The question often posed by family members caught up with me this morning: "Is your collection done?" A fair question, but not one I have an easy answer for.

My collection of RR denarii started with a fourree denarius of L. Piso Frugi from the Social Wars that led to Rome granting citizenship to the Italians and dominating the Italian peninsula. It is a coin that I no longer own, that initiated my interest in Roman republican denarii more than 40 years ago. Eventually the focus moved to "Coins related to the time of Lucius Cornelius Sulla" and hence the title of this blog.


While this is true, the reality is that the path hasn't been linear and looking at the coins that I own, even I can't declare this focus as obvious. Mostly I have purchased coins that I find historically interesting and/or aesthetically pleasing, gravitating toward the 1st century BC. Connections to Sulla during this period are hard to avoid given Rome's influence on the western world of the time and Sulla's influence and impact on the politics and history of the Roman republic.

Is the collection complete? Where are the boundaries? Perhaps I could define some...

- a coin from each Crawford series between the first and last year of Sulla as consul or dictator. By this measure I am fairly close to complete, however there is at least one coin that I cannot expect to own: Crawford 358, known by only one example that probably depicts L. Cornelius Sulla in triumph from ~81 BC:


Not my coin, see: Campana, A. (2019). IL DENARIO DI LATERENSES (RRC 358/1). Monete Antiche, 104.

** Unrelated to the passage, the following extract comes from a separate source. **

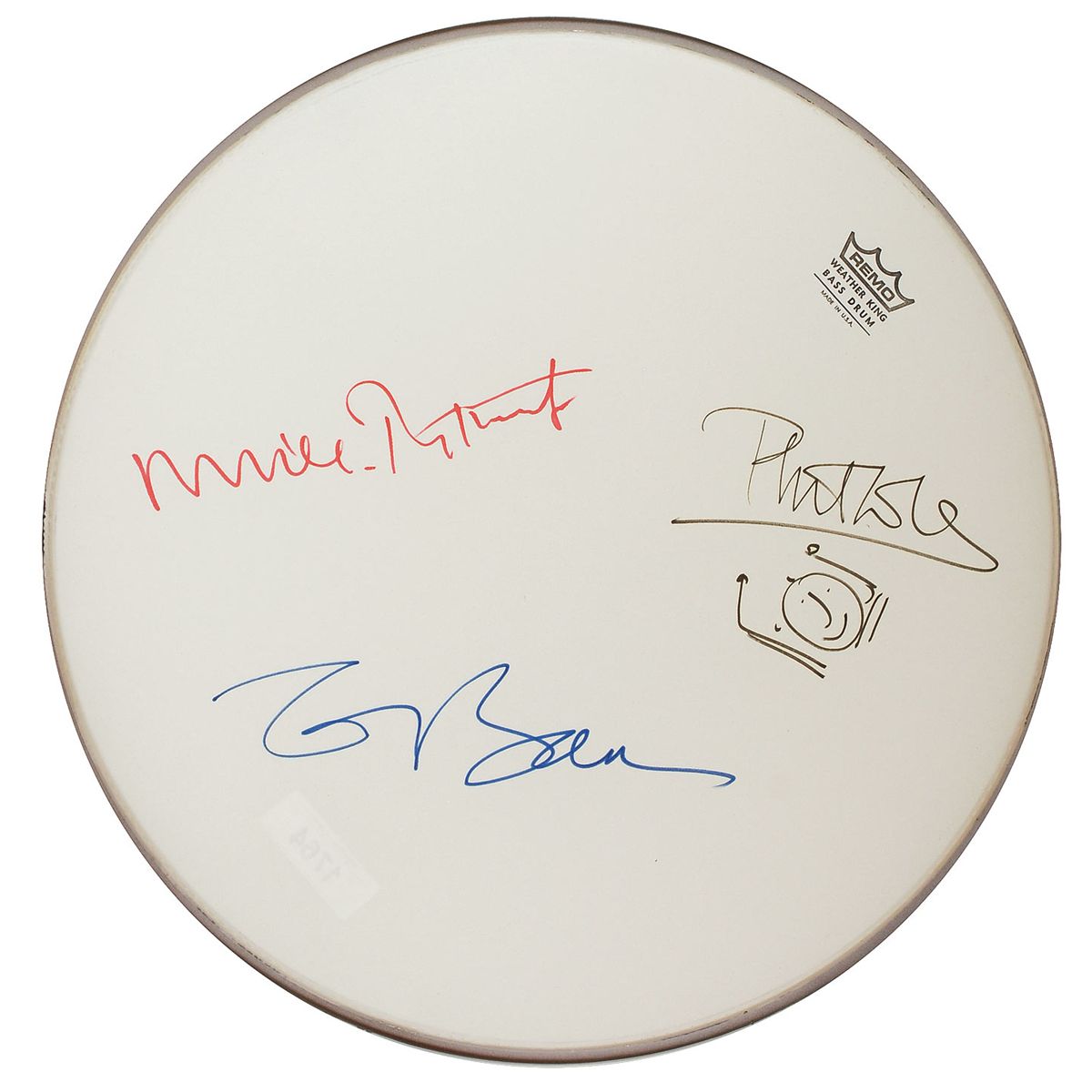 Unused 20? coated Remo drumhead, signed in black felt tip by Phil Collins, adding a small caricature, in red felt tip by Mike Rutherford, and in blue felt tip by Tony Banks. In fine condition. Consignor notes that this item was signed as part of a promotion for the ‘I Can't Dance’ stadium tour.

Even excluding this unique coin, I am still missing several Crawford numbers that are more common and then there are coins that seem relevant that would not fit this category - such as the Athenian New Style Tetradrachm issued by Sulla or the denarii of his son Faustus Cornelius Sulla. And what of the coins of Mithridates, rival to Sulla in the First Mithridatic War? And what of the many variants and other denominations and control marks, and coins of different styles, and the Parthians, encountered first in a diplomatic mission led by Sulla, or the American revolutionaries who were inspired by Rome's history and saw cautionary examples in the end of the republic to which Sulla was a key contributor... can there be any such thing as "done"?


In a book published by Spink in 1903: Roman Coins, Elementary Manual by Francesco Gnecchi, translated by Alfred Watson Hands, Gnecchi writes:


"Among a hundred individuals who begin to collect one can count on ninety at least setting to work on a general collection, and that because nearly all are ignorant of the vastness of the material before them."

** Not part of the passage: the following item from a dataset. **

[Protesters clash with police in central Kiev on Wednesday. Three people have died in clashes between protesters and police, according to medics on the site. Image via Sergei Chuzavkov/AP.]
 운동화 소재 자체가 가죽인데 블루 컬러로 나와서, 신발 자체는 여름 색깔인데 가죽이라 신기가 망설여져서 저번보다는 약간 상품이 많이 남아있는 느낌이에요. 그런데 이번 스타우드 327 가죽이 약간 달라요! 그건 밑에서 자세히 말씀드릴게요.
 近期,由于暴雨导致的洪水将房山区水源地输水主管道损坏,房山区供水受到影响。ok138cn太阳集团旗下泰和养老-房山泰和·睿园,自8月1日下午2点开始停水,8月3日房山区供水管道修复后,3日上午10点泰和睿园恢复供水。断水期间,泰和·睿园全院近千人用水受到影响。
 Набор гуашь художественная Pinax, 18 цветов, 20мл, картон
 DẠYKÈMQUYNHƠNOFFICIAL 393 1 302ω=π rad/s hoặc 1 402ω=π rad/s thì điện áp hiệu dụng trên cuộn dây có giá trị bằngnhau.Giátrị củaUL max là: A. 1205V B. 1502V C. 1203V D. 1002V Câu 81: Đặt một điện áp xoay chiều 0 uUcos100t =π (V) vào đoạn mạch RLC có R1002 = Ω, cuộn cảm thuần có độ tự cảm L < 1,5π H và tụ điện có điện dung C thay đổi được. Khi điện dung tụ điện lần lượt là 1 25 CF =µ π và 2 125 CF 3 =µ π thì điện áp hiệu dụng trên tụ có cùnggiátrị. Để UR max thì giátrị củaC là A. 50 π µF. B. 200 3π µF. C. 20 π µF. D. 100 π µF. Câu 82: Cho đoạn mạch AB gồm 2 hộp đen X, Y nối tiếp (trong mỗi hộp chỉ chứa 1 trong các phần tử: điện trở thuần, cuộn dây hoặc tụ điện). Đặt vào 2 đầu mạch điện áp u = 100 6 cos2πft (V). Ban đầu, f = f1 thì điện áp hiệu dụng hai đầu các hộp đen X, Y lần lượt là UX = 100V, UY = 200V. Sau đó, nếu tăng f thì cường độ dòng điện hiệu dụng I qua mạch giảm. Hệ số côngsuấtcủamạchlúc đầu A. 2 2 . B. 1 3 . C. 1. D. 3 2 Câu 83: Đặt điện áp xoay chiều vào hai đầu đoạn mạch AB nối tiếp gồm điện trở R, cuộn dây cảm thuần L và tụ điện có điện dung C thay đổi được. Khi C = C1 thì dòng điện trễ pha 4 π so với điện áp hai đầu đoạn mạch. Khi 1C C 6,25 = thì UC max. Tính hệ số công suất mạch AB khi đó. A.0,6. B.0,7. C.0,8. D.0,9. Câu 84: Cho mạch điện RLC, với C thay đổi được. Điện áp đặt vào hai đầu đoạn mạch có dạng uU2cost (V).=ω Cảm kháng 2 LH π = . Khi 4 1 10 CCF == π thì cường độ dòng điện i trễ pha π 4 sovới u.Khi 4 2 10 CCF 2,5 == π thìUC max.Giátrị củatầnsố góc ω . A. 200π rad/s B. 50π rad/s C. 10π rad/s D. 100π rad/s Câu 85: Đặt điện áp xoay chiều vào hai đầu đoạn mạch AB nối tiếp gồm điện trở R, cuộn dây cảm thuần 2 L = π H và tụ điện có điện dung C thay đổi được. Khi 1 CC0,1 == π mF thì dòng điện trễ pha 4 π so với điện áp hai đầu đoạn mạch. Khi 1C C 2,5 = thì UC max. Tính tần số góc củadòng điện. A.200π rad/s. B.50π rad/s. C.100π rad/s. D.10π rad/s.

I have to admit that I am forming a general collection with a focus on the first century BC, centered on the life of Sulla an the Roman republic, but the collection has and will likely continue to wander far from there. Today, certainly aware of the vastness of the material, I am content with an incomplete (never complete?), but carefully chosen selection. For coins that are all uniquely struck by hand perhaps there is no other choice.

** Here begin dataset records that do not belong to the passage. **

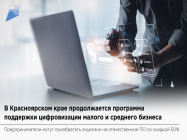 10.11.2022 г. В нашем регионе продолжается программа поддержки бизнеса в рамках федерального проекта «Цифровые технологии» нацпроекта «Цифровая экономика РФ». В 2022 году 3524 предпринимателя из Красноярского края приобрели лицензии на отечественное ПО со скидкой 50%. Сейчас малому и среднему бизнесу за полцены доступны 140 программных продуктов. Это системы для организации документооборота, сервисы по работе с клиентами, решения для торговли, логистики, системного администрирования и др. |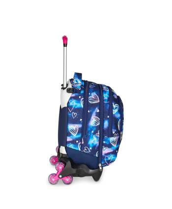 Il Seven Jack 3 WD Detach Gloomy Heart da 37 litri è un trolley scolastico 3‑in‑1 progettato per tre modalità d’uso: trolley, zaino con carrello agganciato o zaino indipendente. Le ruote triple per lato facilitano il passaggio su scale e scalini, mentre la maniglia telescopica a doppia asta garantisce maneggevolezza stabile. Lo schienale imbottito e gli spallacci ergonomici a scomparsa (Cross‑Over System) offrono comfort anche in modalità zaino. Il doppio scomparto capiente, la tasca organizer frontale staccabile, il vano portaborraccia interno e il fondo rigido con protezioni angolari assicurano resistenza e organizzazione perfetta per libri, astucci e snack. Il design “Gloomy Heart” unisce stile e funzionalità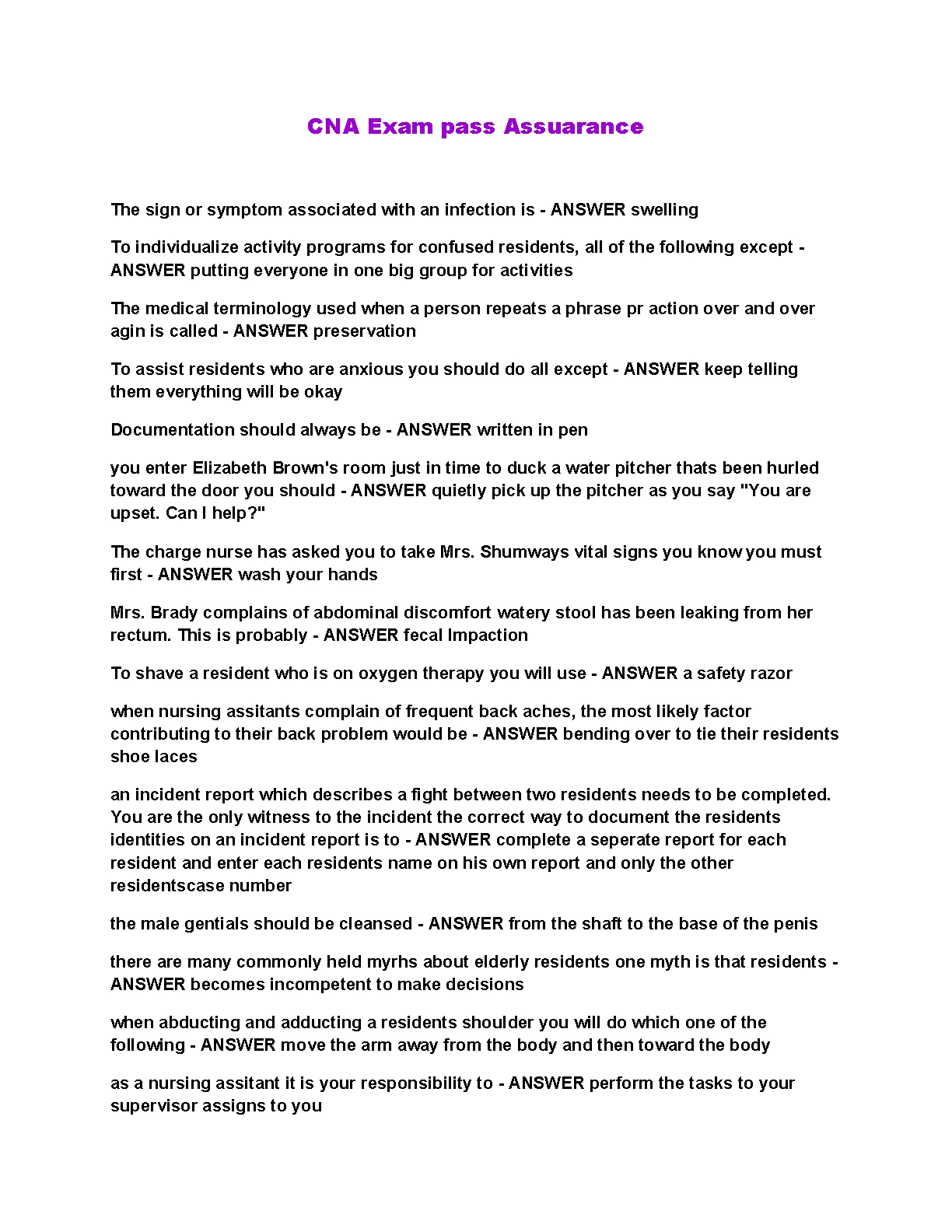CNA Exam. QUESTIONS AND ANSWERS 2023. GRADED A+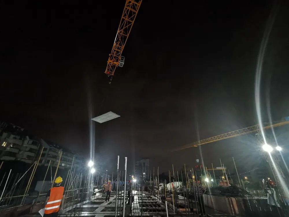 ▲1#2层首次吊装,使用金强叠合板

A recent addition was a beautiful example from the son of L. Piso Frugi who's coin was imitated by my first Roman Republican denarius.

C. Calpurnius L.f. Frugi, 61 BC, Denarius, Rome

Obv: Laureate head of Apollo to right; behind, standing eagle behind

Rev: C PISO L F FRVGI Horseman galloping right, winged, not wearing a hat, carrying nothing, with scorpion behind

Ref: Babelon (Calpurnia) 24. Crawford 408/1b. RBW, 319 in Hersh's 1976 catalogue of die combinations which is Obverse die 4 with Reverse die 10007 from Hersh C. (1976). A Study of the Coinage of the Moneyer C. Calpurnius Piso L. F. Frugi. The Numismatic Chronicle (1966-),16 (136), 7-63.


For now my collection is not complete, but it is satisfying with many examples of the coins from the period of history that I find both fascinating and vast enough to keep me entertained.